Copy out the listing that follows, exact in every word, and skip the images.

> [INPUT]:

####

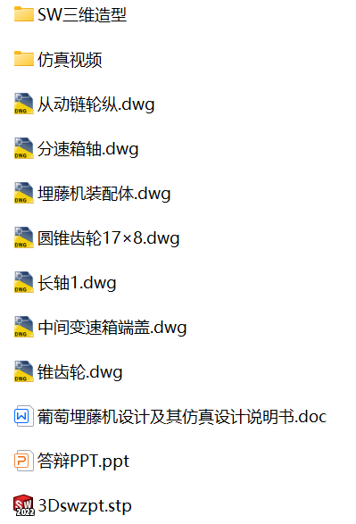 葡萄埋藤机设计及其仿真模型【说明书、CAD图纸、SW三维、仿真视频、答辩PPT】
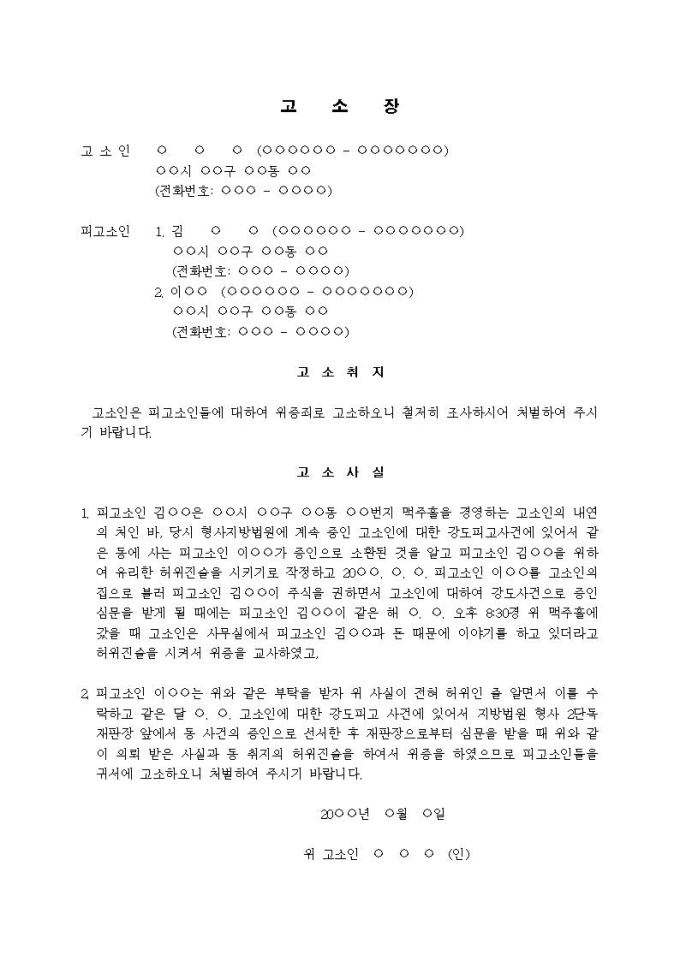 (고소장)위증죄(강도피해사건 허위진술)
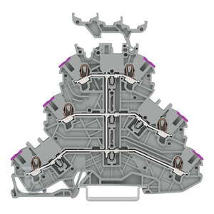 Złączka 3-piętrowa, złączka przelotowa 6-przewodowa, L, z podstawką oznacznika, do zastosowań Ex e II, z mostkowaniem wewnętrznym, otwory na przewody z fiolet. nadrukiem, na szynę TS 35 x 15 i 35 x 7,5, 1 mm2, Push-in CAGE CLAMP®, 1,00 mm2, szary o numerze katalogowym 2000-3238 w kategorii Niesklasyfikowane>Pozostałe. Produkt wyprodukowany przez markę WAGO, seria 2000.
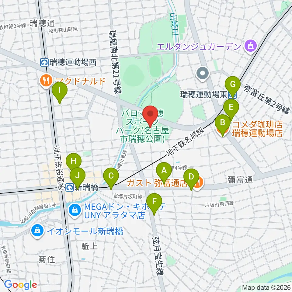 パロマ瑞穂ラグビー場周辺のカフェ一覧地図
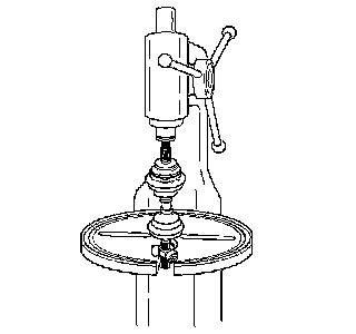17. Lower the arbor press head onto the CV joint assembly until the press cannot move any further. This ensures that the retaining ring engages in the inner race. Do not exceed 1 779 N (4,000 lb) press load during assembly.
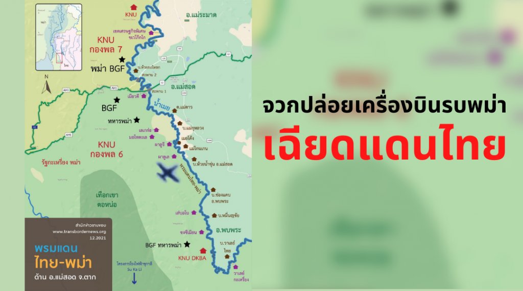 หมายเหตุ-ภาพแผนที่บริเวณการสู้รบชายแดนตรงข้าม อ.แม่สอด ส่วนเครื่องบินรบของกองทัพพม่าเป็นลำที่บินโจมตีทหารกะเหรี่ยง KNU บริเวณชายแดนสาละวินใกล้บ้านท่าตาฝั่ง อ.แม่สะเรียง จ.แม่ฮ่องสอน ซึ่งนำมาทำกราฟิคเพื่อจำลองเหตุการณ์จริง
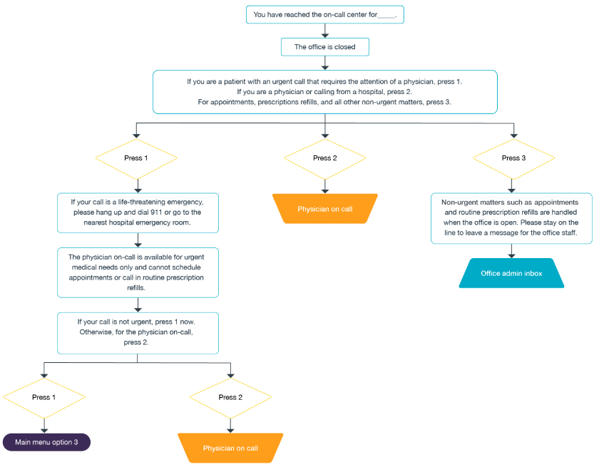 In the basic example, you could change the “urgent call that requires attention” to Press 3, and “for appointments, prescription refills, and all other non-urgent matters,” to Press 1. This provides an initial layer of filtering for most small practices.
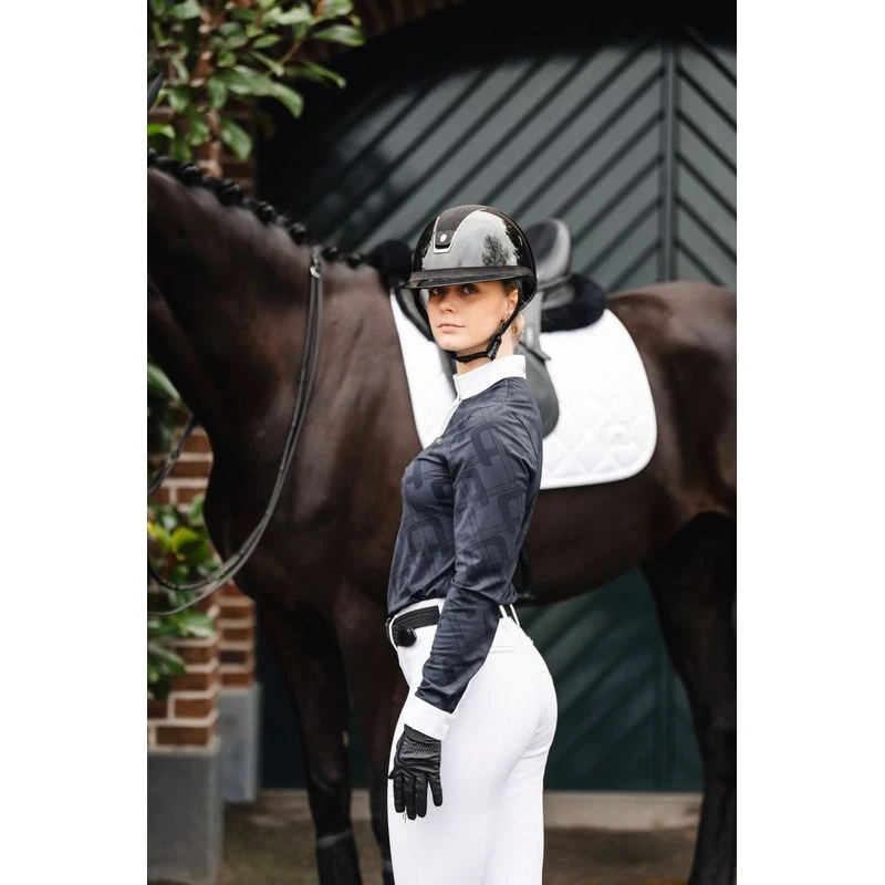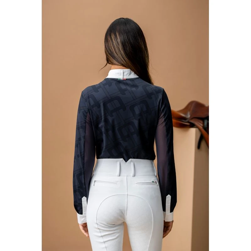This shirt is made in a technical and functional four way stretch fabric with soft hand feel and all over tone on tone monogram. It has a concealed zipper white placket and stand up white collar with magnetic closure. The cuffs are also white. It is extremely breathable, with mesh inserts under the arms. UPF 50+
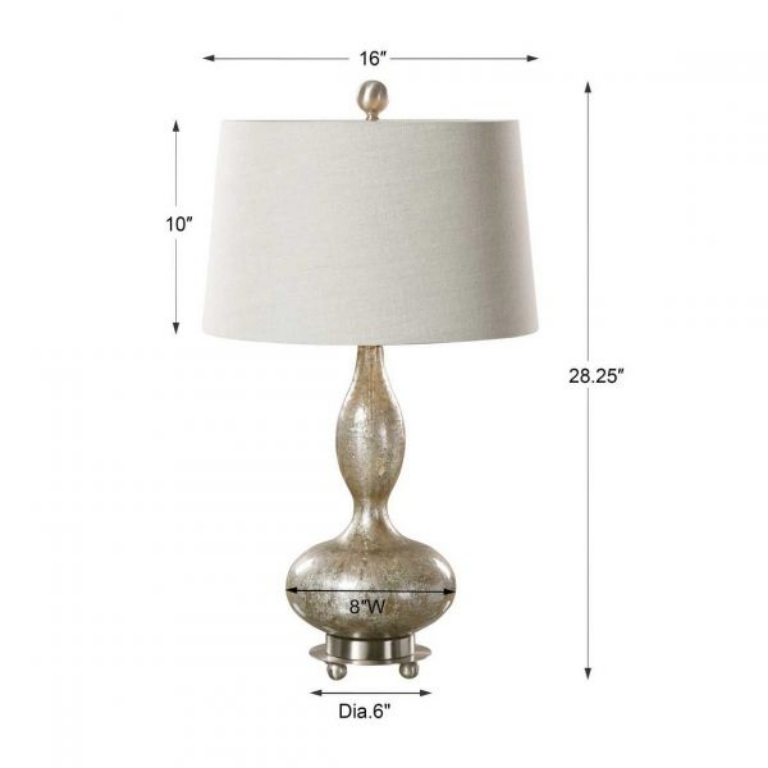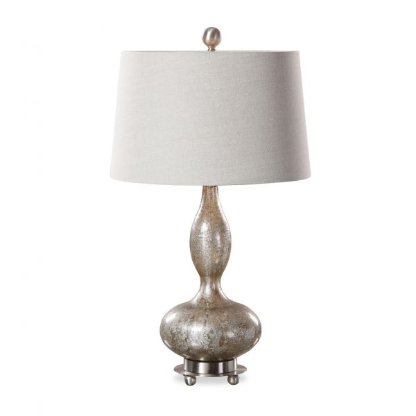 Illuminate your space with the elegant Vercana Table Lamp by Uttermost, a stunning centerpiece that combines modern sophistication with a touch of vintage charm. Crafted from beautiful smoked mercury glass, this lamp reflects light in a way that adds warmth and depth to any room. The brushed nickel metal accents provide a sleek contrast, enhancing the overall aesthetic and ensuring durability. The tapered round hardback shade offers a clean and contemporary silhouette, diffusing light gently to create a cozy atmosphere. Perfect for living rooms, bedrooms, or home offices, the Vercana Table Lamp not only serves as a functional lighting solution but also as a stylish décor piece that complements various design styles. Elevate your interior with this captivating lamp that perfectly balances form and function.

####

> [SOLUTION TO THE EXERCISE]:
 葡萄埋藤机设计及其仿真模型【说明书、CAD图纸、SW三维、仿真视频、答辩PPT】
 (고소장)위증죄(강도피해사건 허위진술)
 Złączka 3-piętrowa, złączka przelotowa 6-przewodowa, L, z podstawką oznacznika, do zastosowań Ex e II, z mostkowaniem wewnętrznym, otwory na przewody z fiolet. nadrukiem, na szynę TS 35 x 15 i 35 x 7,5, 1 mm2, Push-in CAGE CLAMP®, 1,00 mm2, szary o numerze katalogowym 2000-3238 w kategorii Niesklasyfikowane>Pozostałe. Produkt wyprodukowany przez markę WAGO, seria 2000.
 パロマ瑞穂ラグビー場周辺のカフェ一覧地図
17. Lower the arbor press head onto the CV joint assembly until the press cannot move any further. This ensures that the retaining ring engages in the inner race. Do not exceed 1 779 N (4,000 lb) press load during assembly.
 หมายเหตุ-ภาพแผนที่บริเวณการสู้รบชายแดนตรงข้าม อ.แม่สอด ส่วนเครื่องบินรบของกองทัพพม่าเป็นลำที่บินโจมตีทหารกะเหรี่ยง KNU บริเวณชายแดนสาละวินใกล้บ้านท่าตาฝั่ง อ.แม่สะเรียง จ.แม่ฮ่องสอน ซึ่งนำมาทำกราฟิคเพื่อจำลองเหตุการณ์จริง
 In the basic example, you could change the “urgent call that requires attention” to Press 3, and “for appointments, prescription refills, and all other non-urgent matters,” to Press 1. This provides an initial layer of filtering for most small practices.
This shirt is made in a technical and functional four way stretch fabric with soft hand feel and all over tone on tone monogram. It has a concealed zipper white placket and stand up white collar with magnetic closure. The cuffs are also white. It is extremely breathable, with mesh inserts under the arms. UPF 50+
 Illuminate your space with the elegant Vercana Table Lamp by Uttermost, a stunning centerpiece that combines modern sophistication with a touch of vintage charm. Crafted from beautiful smoked mercury glass, this lamp reflects light in a way that adds warmth and depth to any room. The brushed nickel metal accents provide a sleek contrast, enhancing the overall aesthetic and ensuring durability. The tapered round hardback shade offers a clean and contemporary silhouette, diffusing light gently to create a cozy atmosphere. Perfect for living rooms, bedrooms, or home offices, the Vercana Table Lamp not only serves as a functional lighting solution but also as a stylish décor piece that complements various design styles. Elevate your interior with this captivating lamp that perfectly balances form and function.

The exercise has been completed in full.